Alfred de Vigny

François-Joseph Kinson. “Alfred de Vigny (1797-1863), en uniforme de gendarme de la maison du roi”. Huile sur toile. (Paris, musée Carnavalet, inv. P769)

Little interested in the monotonies of his military career, Alfred de Vigny published a first collection of poems, striking for their stripped down, powerful symbolism. Developing a theme of the misunderstood superior being, he gives voice to a pessimist Stoic philosophy. He then wrote several historical novels in which he defended the creative license of the poet, before achieving success with the stage play, Chatterton, in 1835. Largely out of step with his contemporaries, Vigny occupies a singular place within the landscape of Romanticism. While he appears to have been highly influential, he was never terribly popular, and had no immediate successor. The exceptional beauty of certain of his works, however, has ensured the poet lasting renown. 

I LOVE through the deep woods, at close of day,
To hear the horn sounding the stag at bay,
Or hunter’s farewell note which
echo wakes, And the north wind through all the forest takes.

How oft have I a midnight vigil kept,
And smiled to hear it, but more often wept!
It seemed the sound prophetic, which of old
Th’ approaching death of Paladins foretold.

O azure mountains, land which I adore,
Rocks of Frazona, summits of Marbore,
Cascades and torrents, urged by weights of snow,
Streams sprung from Pyrenean heights that flow,

Mounts both of frosts and flowers, where seasons meet,
Your brows of ice, of blooming meads your feet–
‘Tis there one ought to sit, and listen there
To the horn’s distant melancholy blare.

The traveller oft, when all around is still,
Loves with its brazen voice the night to fill;
While mingled with the cadence, all around,
Th’ harmonious bleatings of the flocks resound.

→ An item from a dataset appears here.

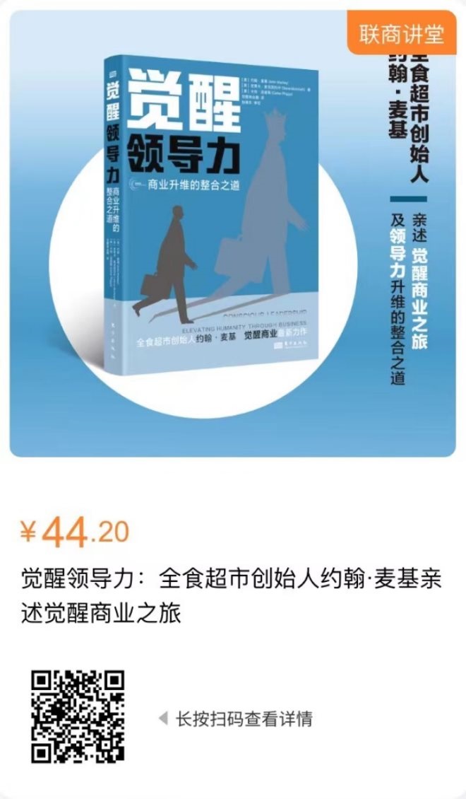 最后,為更好的回饋讀者,聯(lián)商書城新書首發(fā),正版好書特價回饋,原價68元的《覺醒領(lǐng)導(dǎo)力:全食超市創(chuàng)始人約翰·麥基親述覺醒商業(yè)之旅》現(xiàn)65折以44.20元出售,零售之路一起進階,識別圖中二維碼即可立即購買。
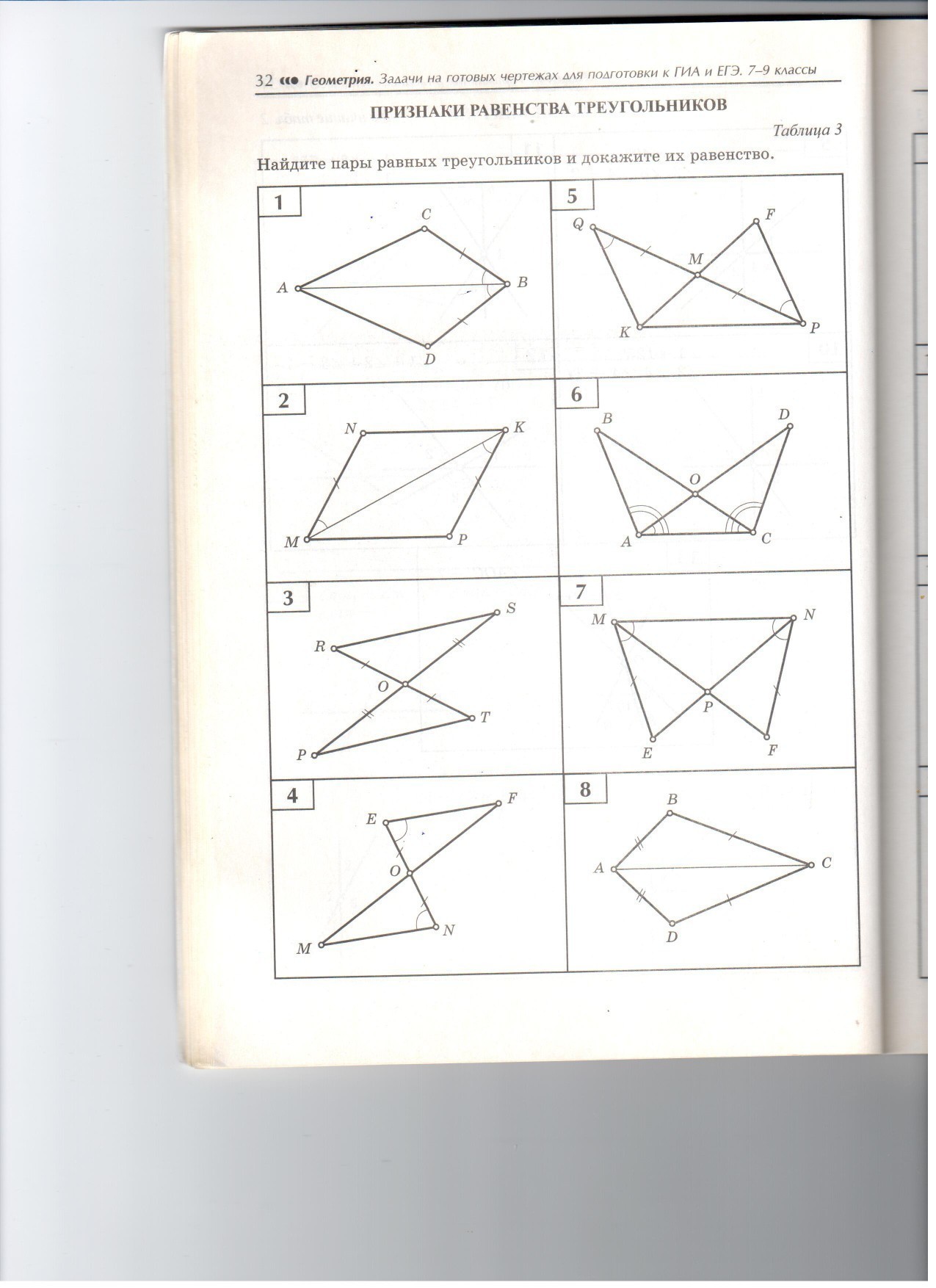 7) Треугольники равны по равным сторонам EO - NO, равным углам EOF - NOM(как вертикальные), FEO - ONM. Это 2 признак.

The doe attentive does not care to hide,
But hangs unmoved on the rocks’ craggy side;
The cascade joins (dashed from the heights along)
Its ceaseless plaint to the romantic song.

Souls of the warriors, are ye hither borne?
Is it your voice that mingles with the horn?
‘Ronceval’ echoes through the dismal vale!
Can grief great Roland’s spirit still assail?

[…]

Alfred de Vigny, Le Cor, 1825

Alcide-Joseph Lorentz (1813-1891). 
‘Of the comte de Vigny, when his so noble Muse deigns to grant us a bit of his verse so confused, she may to the vile respond that he’s excused, after all, noblesse-oblige no more.’ 
Lithographie parue dans Le Charivari, 17 juin 1842, (Paris, Maison de Balzac, inv.BAL614)

His long hair and dreamy expression identify him as a poet, however, with his coronet, his attendants and his carriage in the background, Alfred de Vigny is also presented as a pure aristocrat, which was unlikely to endear him to readers of the Charivari, a paper with republican leanings.